- Born: 1955 (age 70–71)
- Spouse: Salman of Saudi Arabia ​ ​(m. 1984)​
- Issue: List Crown Prince Mohammed ; Prince Khalid ; Prince Turki ; Prince Nayef ; Prince Bandar ; Prince Rakan;

Names
- Fahda bint Falah bin Hithlain Alajmi
- House: Al Saud (by marriage)
- Father: Falah bin Sultan Al Hithlain
- Mother: Munira bint Abdullah

= Fahda bint Falah Al Hithlain =

Third wife of King Salman of Saudi Arabia

Princess Fahda bint Falah Al Hithlain Alajmi (فهدة بنت فلاح آل حثلين العجمي) is the third spouse of Salman bin Abdulaziz Al Saud, the King of Saudi Arabia. She is a member of the Al-Ajman tribe. Her mother is Munira bint Abdullah and her ancestors include Al-Ajman tribe leaders, Rakan and Dhaydan bin Hithlain.

Fahda married King Salman in 1984. She has six children with King Salman: Crown Prince and Prime Minister Mohammed, Prince Turki, Defense Minister Prince Khalid, Prince Nayef, Prince Bandar and Prince Rakan. Her second eldest son, Turki, is a businessman. Prince Khalid, her third eldest son, is the Minister of Defense. Prince Bandar is the head of Royal Guard which deals with personal security of the King and Crown Prince.

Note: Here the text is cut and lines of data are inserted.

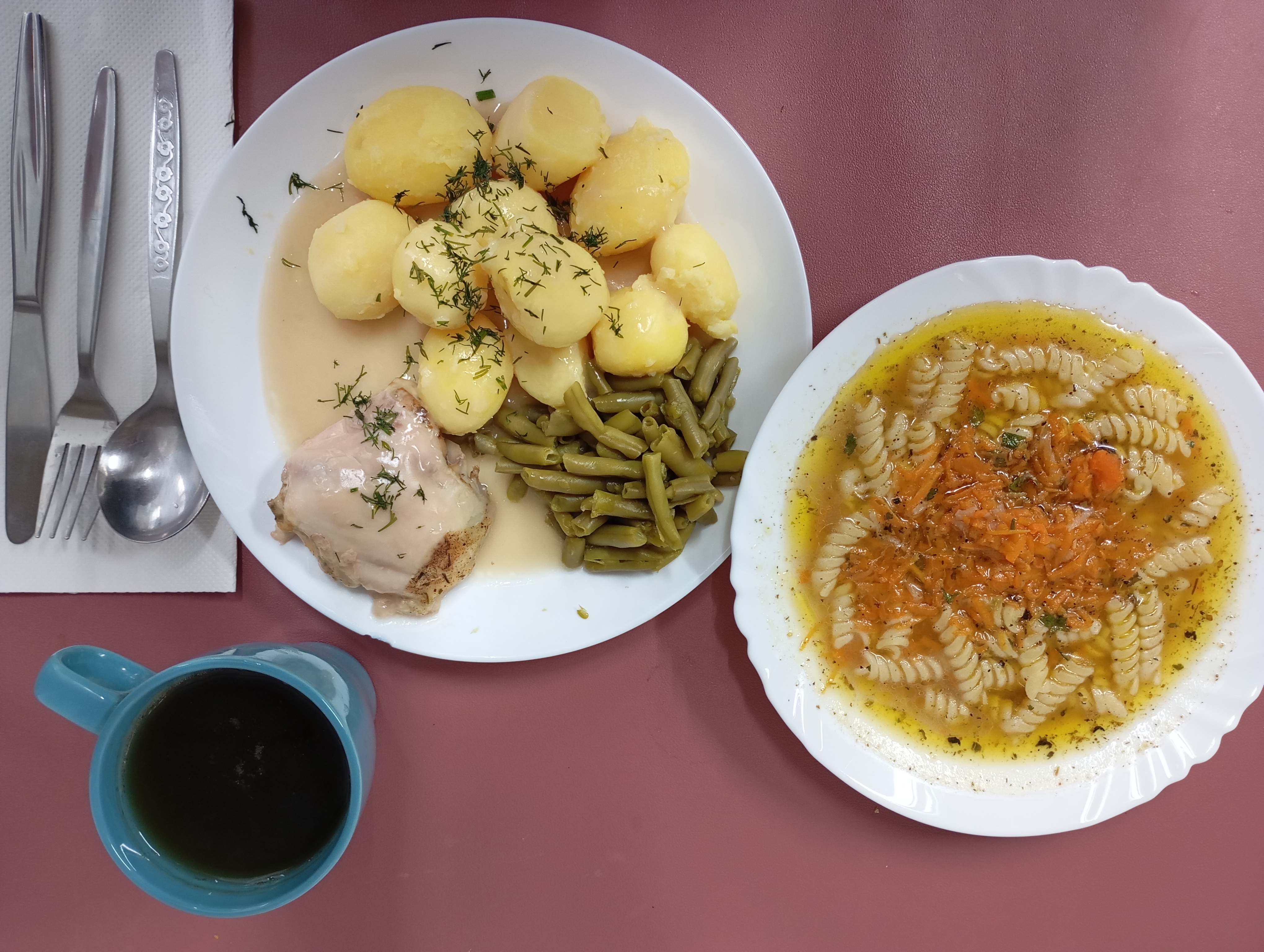 Składniki: marchwianka z makaronem 350 ml, udko duszone 150 g, fasolka szparagowa z wody 150 g, ziemniaki z koperkiem 250 g, kompot owocowy bez cukru 250 ml
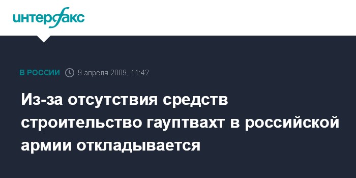 Москва. 9 апреля. INTERFAX.RU - Строительство и реконструкция 142 гарнизонных гауптвахт российской армии откладывается из-за отсутствия финансовых средств, сообщил "Интерфаксу-АВН" в четверг источник в российском военном ведомстве.
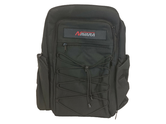 The Navara Backpack, when expanded, carries eight 25mm deep full width trays, or any combination of full or half width trays to fill the same available space. It has 2 compartments, each carrying four 25mm deep trays. The expandable section can be zipped closed to make the backpack smaller when needed. The Navara backpack includes adjustable straps and a carry handle as well as many external pockets for accessories. It is manufactured from durable waterproof polyester and fully lined.

In 2017, US intelligence officials alleged that Fahda was placed under house arrest by her son, Crown Prince Bin Salman, under the auspices of the Crown Prince's anti-corruption purge. The purported arrest happened without the knowledge of King Salman, who was misled into thinking that his wife was receiving medical treatment. Saudi officials deny the US's allegations.